§ ASSIGNMENT
Print the lines that start the entries and continue through the one holding "A Copeland pedestal", please, exactly and with the pictures omitted.

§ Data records
_ _ _ _ _ _ _

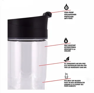 لیوان نوا از شیشه بوروسیلیکات دو جداره ساخته شده است که هم برای شما و هم برای محیط زیست مفید است. همچنین به راحتی در ماشین ظرفشویی تمیز می شود. این محصول شامل یک درب FLIP-TOP
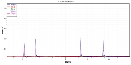 图2. 4种邻苯二甲酸酯标准溶液线性谱图叠加
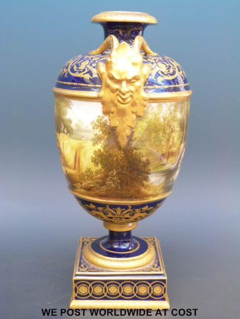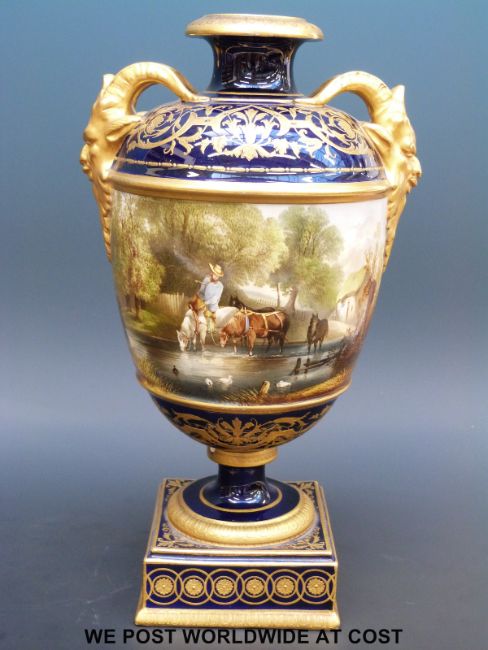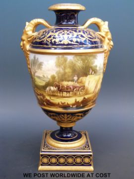 A Copeland pedestal urn decorated with two scenes, one haymaking, the other horses watering (24cm tall)
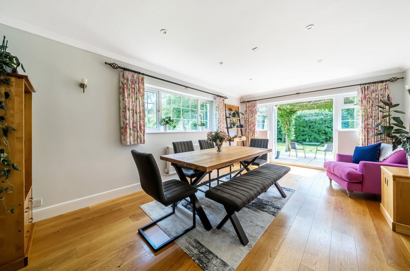 A pillared entrance porch leads into the reception hall, with stairs rising to the first floor and understairs storage. The snug features a brick fireplace with a wooden mantle, while the main reception room the 18ft sitting room is a generous space with a fitted wood burner, brick surround, and wooden mantle. A glazed door opens into the dining room, a superb dual-aspect space with views over the gardens and ample room for family dining.
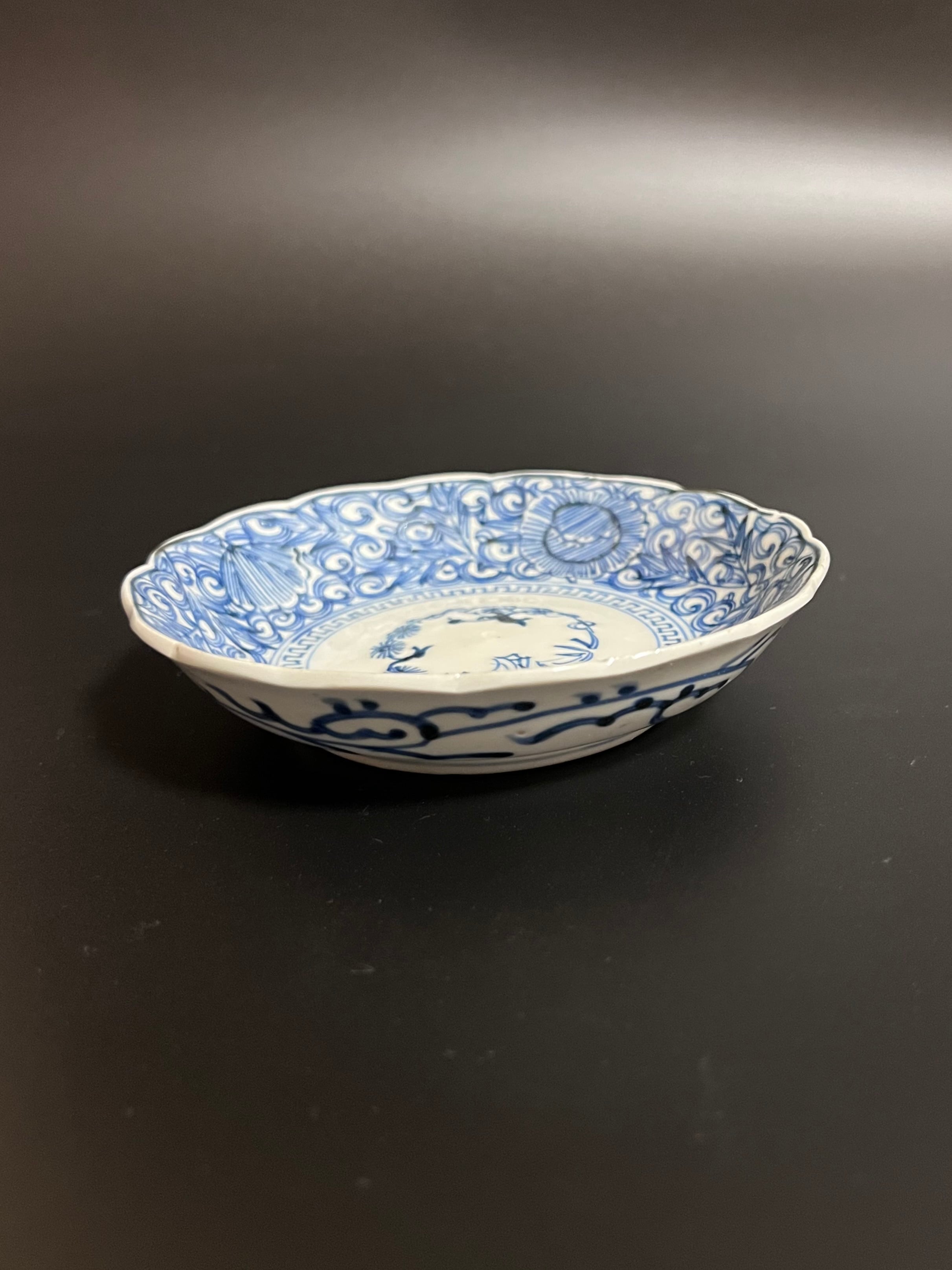 使い勝手のよい大きさの小皿で、なます皿よりもひとまわり小さいながら、アレンジ次第で多様なシーンで活躍します。繊細な線描の染付が施されており、食卓に上品さを添える素敵なお品です。
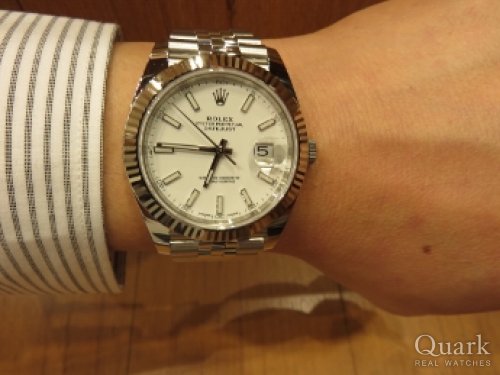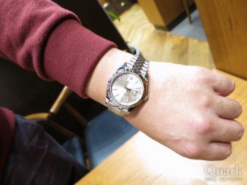 W様、この度はクォーク神戸店をご利用頂きまして誠に有難うございました。新型のデイトジャストでしかも白文字盤は、滅多に入荷がなく何とか仕入れでご対応できて本当に良かったです。白文字盤は、視認性にも優れていますしビジネスシーンでもお使い頂けます。是非、末永くご愛用頂ければ幸いでございます。また、アフターサービスでブレスレットの無料洗浄も行っていますので、お気軽にお申し付け下さいませ。今後ともクォーク神戸店を何卒宜しくお願い申し上げます。クォーク神戸店 増田
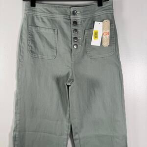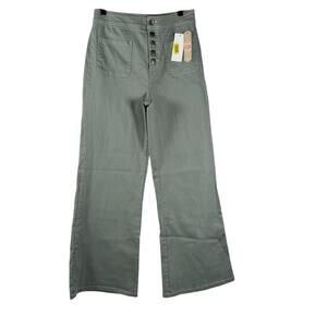 NWT Gianni Bini Green High Rise Button Fly Flared Wide Leg Jeans Womens Size 5

_ _ _ _ _ _ _

§ SOLUTION TO THIS TASK
 لیوان نوا از شیشه بوروسیلیکات دو جداره ساخته شده است که هم برای شما و هم برای محیط زیست مفید است. همچنین به راحتی در ماشین ظرفشویی تمیز می شود. این محصول شامل یک درب FLIP-TOP
 图2. 4种邻苯二甲酸酯标准溶液线性谱图叠加
 A Copeland pedestal urn decorated with two scenes, one haymaking, the other horses watering (24cm tall)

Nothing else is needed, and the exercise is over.